Rental prices continued to rise throughout the month as demand increased, but instructions from landlords fell, according to the report from the Royal Institution of Chartered Surveyors.
Overall, 45 per cent of property professionals reported buyer inquiries falling rather than rising, down from 20 per cent in May.
A net balance of 34 per cent of professionals also reported newly agreed-to sales falling rather than rising, which was weaker than the 8 per cent in May.
This was the most downbeat sales figure since December 2022, when a net balance of 38 per cent of professionals saw sales falling.
A net balance of 46 per cent of professionals reported house prices falling rather than rising, further deteriorating from 30 per cent in May.
The institution said some survey participants indicated that homes with better energy efficiency credentials were holding their value in the current market.
In the rental market, a net balance of 40 per cent of professionals saw an increase in tenant demand.
At the same time, 36 per cent saw landlord instructions falling.
With rising demand still being met with a lack of available properties to let, a net balance of 53 per cent of professionals expect rental prices to increase over the near term.
Figures from moneyfactscompare.co.uk on Wednesday showed that, across all deposit sizes, the average two-year fixed homeowner mortgage was 6.7 per cent, while the average five-year fix on the market was 6.2 per cent.

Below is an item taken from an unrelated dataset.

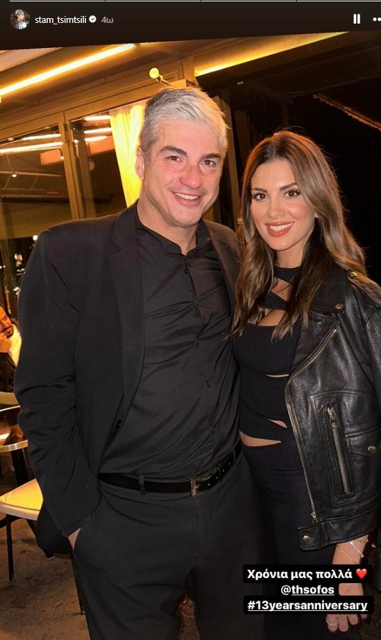 Ξεχωριστή είναι η σημερινή μέρα για την Σταματίνα Τσιμτσιλή και τον σύζυγό της Θέμη Σοφό, καθώς γιορτάζουν την 13η επέτειο του γάμου της. Η παρουσιάστρια θέλησε να μοιραστεί τη χαρά της με τους διαδικτυακούς της φίλους και ανέβασε σε insta story μια κοινή της φωτογραφία με τον άντρα της ζωής της και γνωστό ποινικολόγο, από παλαιότερη βραδινή τους έξοδο και έγραψε στη λεζάντα:

This week, average two-year fixed mortgage rates passed levels seen after last autumn’s mini budget.
“The latest increase in interest rates and the impact this has already had on mortgage rates is clearly visible in the key Rics metrics regarding buyer inquiries, sales and prices, which have all retreated over the past month," said Simon Rubinsohn, the institution's chief economist.

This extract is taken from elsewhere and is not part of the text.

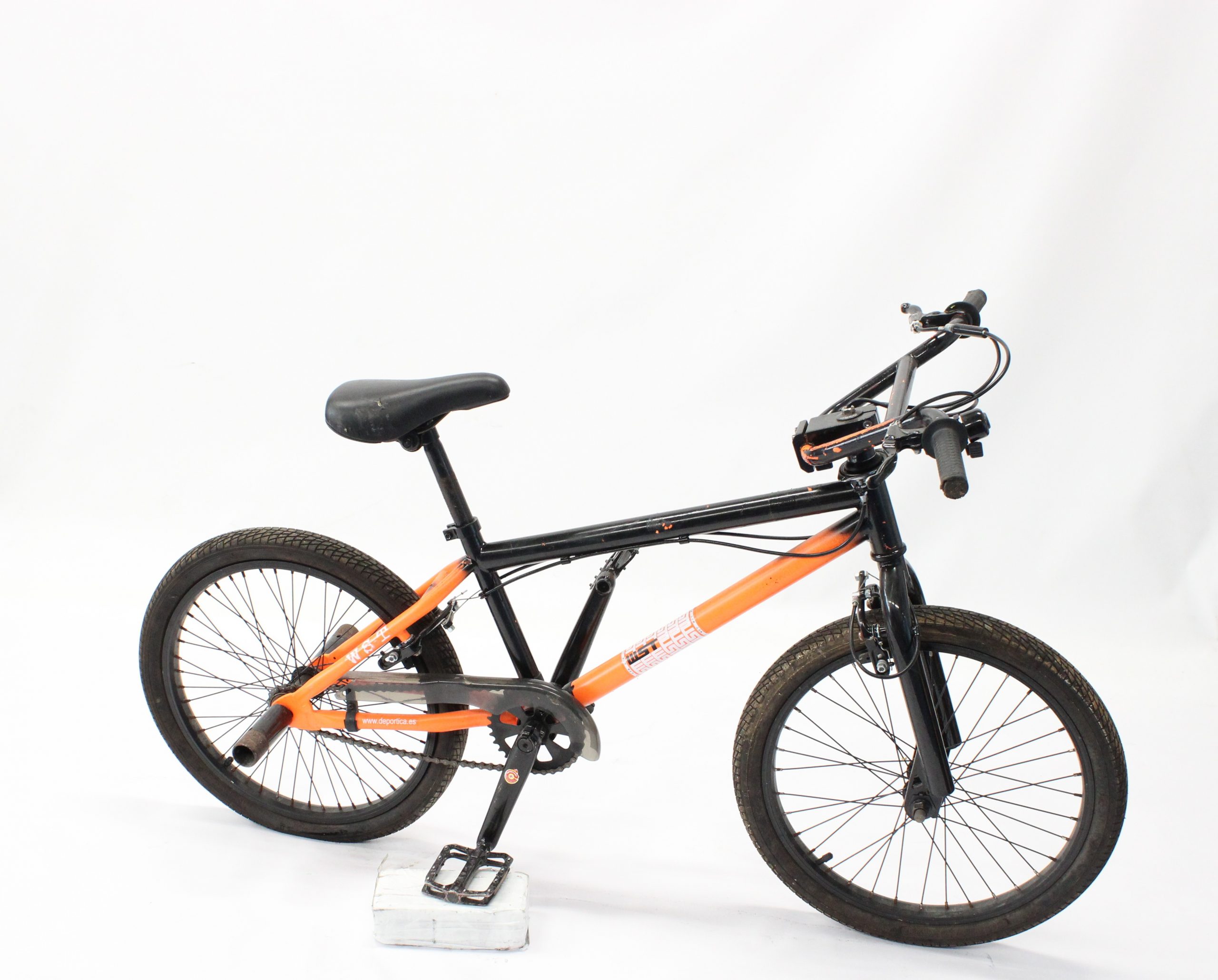 Bicicleta es una KTM BMX diseñada para el estilo libre y acrobacias. Presenta un manillar alto para mayor control y neumáticos gruesos típicos de esta disciplina. El cuadro es resistente, adecuado para realizar saltos y trucos tanto en la calle como en skateparks.

“Inevitably in this environment, activity levels are likely to remain relatively subdued.
"However, an important message coming back from Rics agents is around ensuring prices are set with an eye on the market conditions of today, rather than the recent past. When this is done, sales are taking place.

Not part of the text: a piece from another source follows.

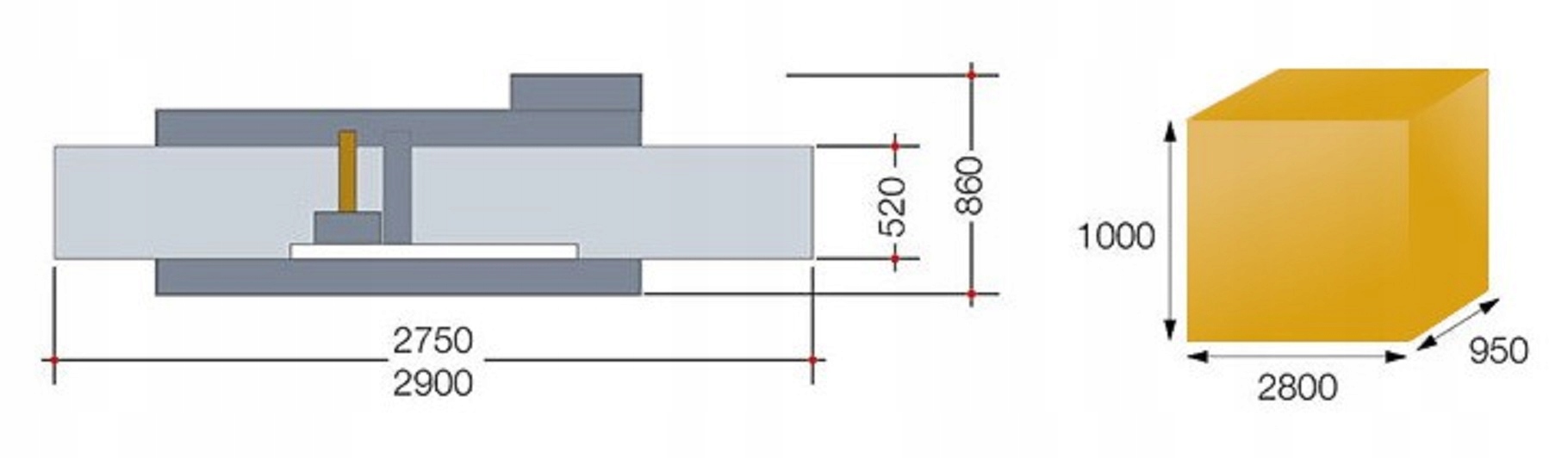 - Длина приемного стола: 2750 мм. 1200 мм

“It is also worth bearing in mind that house prices are only very modestly down on their recent highs and well above where they stood prior to the onset of the pandemic.
“Further declines are possible but need to be seen in the context of the previous strength in the market.
“Additional questions included in the latest survey also provide some support for the notion that, on balance, properties with better energy efficiency credentials are holding their value better than some others.”